Coca-Cola HBC celebrates double digit percentage growth in sales and profits

Coca-Cola HBC celebrates double digit percentage growth in sales and profits

Boosted by the reopening of hospitality, Coca-Cola Hellenic Bottling Company (HBC) Northern Ireland, which operates from a 500,000 sq ft facility at Knockmore Hill, saw revenues rise by 15.5 per cent to £236.5 million last year.

That followed a difficult 2020, in which pandemic-year sales slipped by nearly 12 per cent to £204.7 million.

Pre-tax profit rose to £44.2m from the previous year (£33.2m), while on a bottom-line basis the company – which has had a presence in Northern Ireland for more than 80 years – banked £35.3m in profits, up from £28.8m previously.

But it also made an actuarial gain of more than £7.2m on the projections used to value its defined benefit pension obligations, bringing its total comprehensive income for the year (net of tax) to just shy of £42.8m.

Coca-Cola HBC is the authorised bottling partner to The Coca-Cola Company for the island of Ireland, responsible for the manufacture, distribution, sale and channel marketing of its non-alcoholic ready-to-drink beverage portfolio.

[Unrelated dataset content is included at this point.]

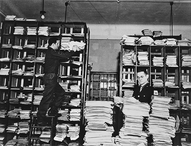 Ил. 12. Комната документов в Нюрнберге с ее шаткими стопками документальных свидетельств. Ноябрь 1945 года. Источник: Американский мемориальный музей Холокоста. Фотограф: Чарльз Александр. Предоставлено Национальной администрацией архивов и записей, Колледж-Парк

It produces global brands Coca-Cola, Coca-Cola Zero Sugar, Diet Coke, Fanta, Sprite, Appletiser, Schweppes and the 1783 range, as well as locally-owned brands Deep RiverRock, Deep RiverRock ViTAL and Fruice.

The company’s Lisburn payroll fell over the year from 450 to 420, with small job losses across all four of its employee divisions (production, distribution, administration and sales & marketing).

But total staff costs still rose by more than £2 million to £23.9m.

Its highest-paid director (general manager Miles Karemacher) had a slight reduction in his salary from £176,314 to £171,939.

In a statement with its accounts, the company said: “We performed ahead of expectations in 2021, impacted by the lifting of Covid-19 related government restrictions sooner than forecast.”

The directors also said they remain committed to “long-term creation of shareholder value by increasing our market share through organic growth, including new product innovations.”

Last year Coca-Cola HBC Northern Ireland became the first soft drinks producer in Ireland to move all its multi-pack cans to more sustainable cardboard solutions, helping it to move closer to its ‘World Without Waste’ vision by eliminating the use of more than 500 tonnes of shrink wrap plastic each year.

Combined with a £10m-plus investment in more recycled plastic and a reduction of plastic use overall, the company says it has reduced plastic usage by almost 5,000 tonnes annually since 2019.